▶ [EXERCISE GOAL]:
Look through the entries below and extract exactly the lines from the one containing "Bengkulu, bengkulu.kpu.go.id - KPU" through the one containing "音楽を聴くときのホームポジシ", ends included.

▶ [THE RECORDS]:
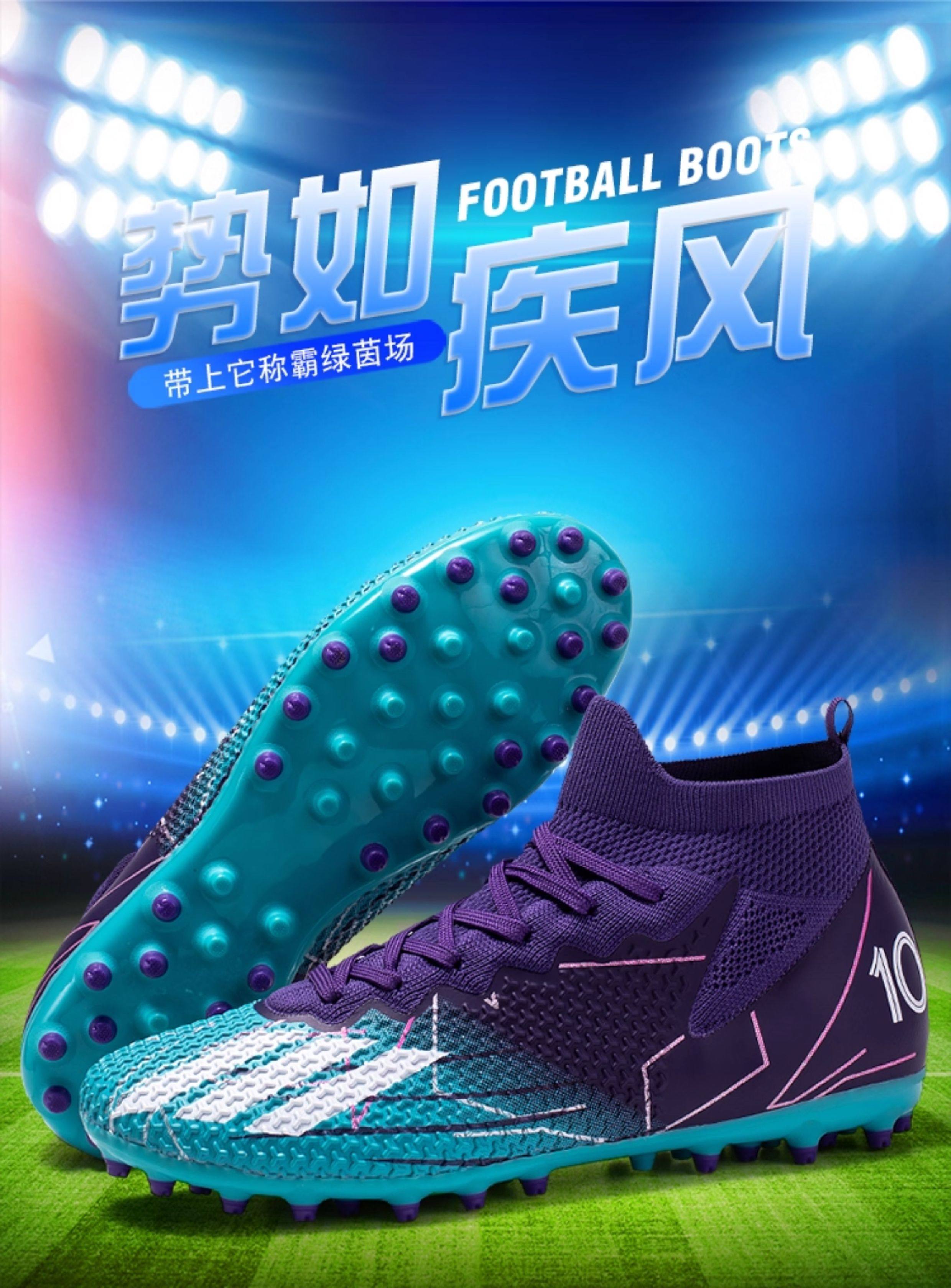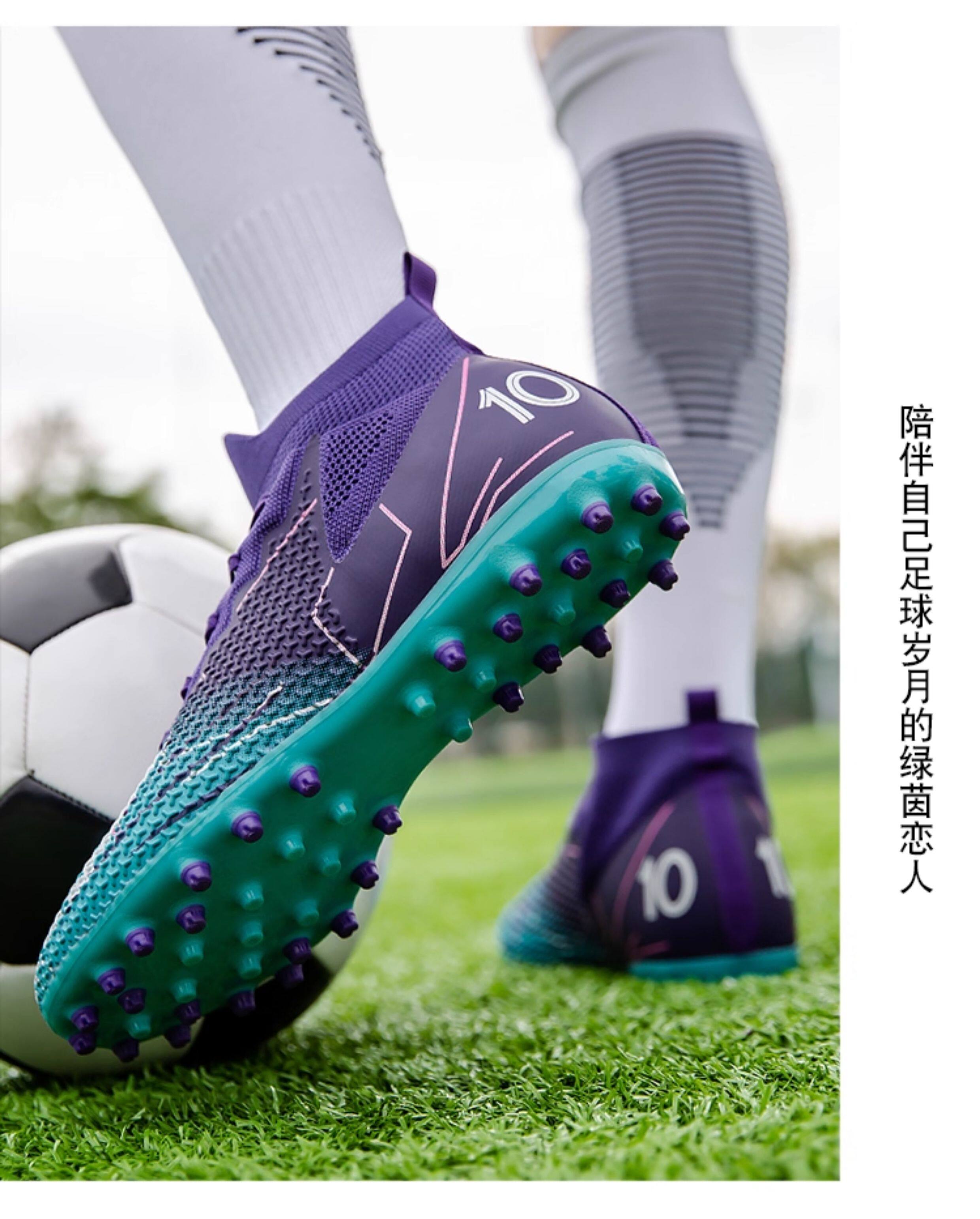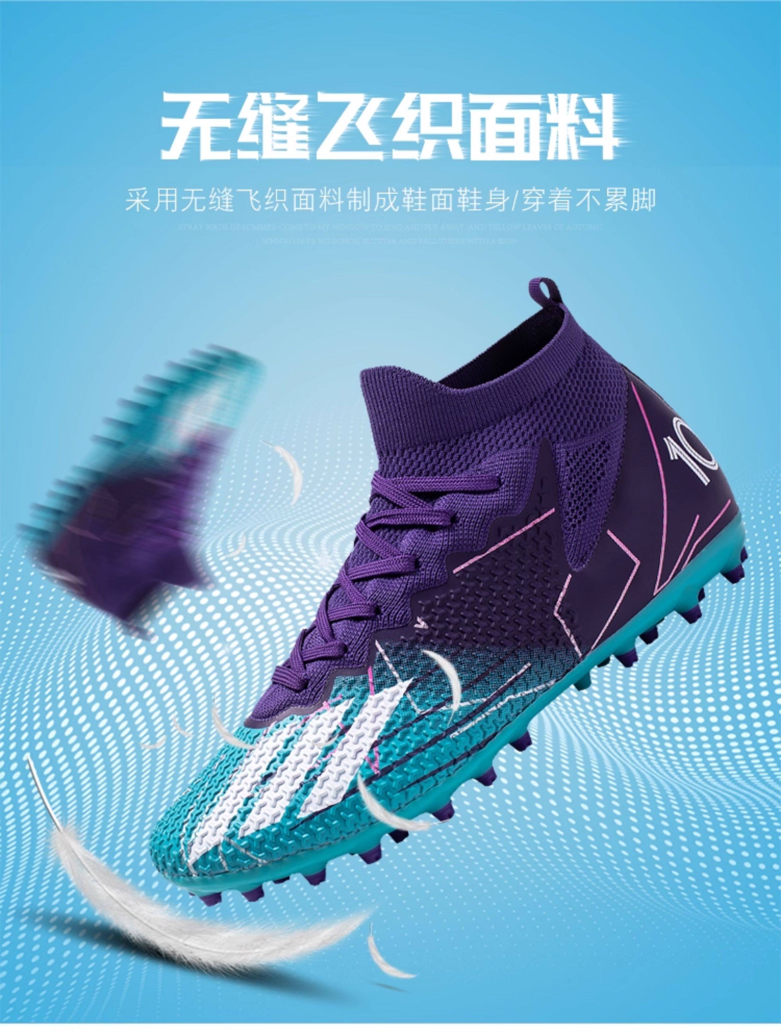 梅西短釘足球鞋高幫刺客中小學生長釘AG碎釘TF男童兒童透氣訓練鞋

* * *

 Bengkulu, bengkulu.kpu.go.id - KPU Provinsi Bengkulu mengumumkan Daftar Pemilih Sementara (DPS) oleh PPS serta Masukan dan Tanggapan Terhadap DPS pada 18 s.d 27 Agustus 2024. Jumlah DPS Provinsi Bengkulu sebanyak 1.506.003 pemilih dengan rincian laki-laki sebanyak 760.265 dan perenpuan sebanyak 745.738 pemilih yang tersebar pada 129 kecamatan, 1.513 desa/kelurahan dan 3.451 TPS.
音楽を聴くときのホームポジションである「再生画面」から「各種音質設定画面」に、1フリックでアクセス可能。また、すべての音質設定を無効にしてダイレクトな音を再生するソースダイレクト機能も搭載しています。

▶ [TASK ANSWER]:
 Bengkulu, bengkulu.kpu.go.id - KPU Provinsi Bengkulu mengumumkan Daftar Pemilih Sementara (DPS) oleh PPS serta Masukan dan Tanggapan Terhadap DPS pada 18 s.d 27 Agustus 2024. Jumlah DPS Provinsi Bengkulu sebanyak 1.506.003 pemilih dengan rincian laki-laki sebanyak 760.265 dan perenpuan sebanyak 745.738 pemilih yang tersebar pada 129 kecamatan, 1.513 desa/kelurahan dan 3.451 TPS.
音楽を聴くときのホームポジションである「再生画面」から「各種音質設定画面」に、1フリックでアクセス可能。また、すべての音質設定を無効にしてダイレクトな音を再生するソースダイレクト機能も搭載しています。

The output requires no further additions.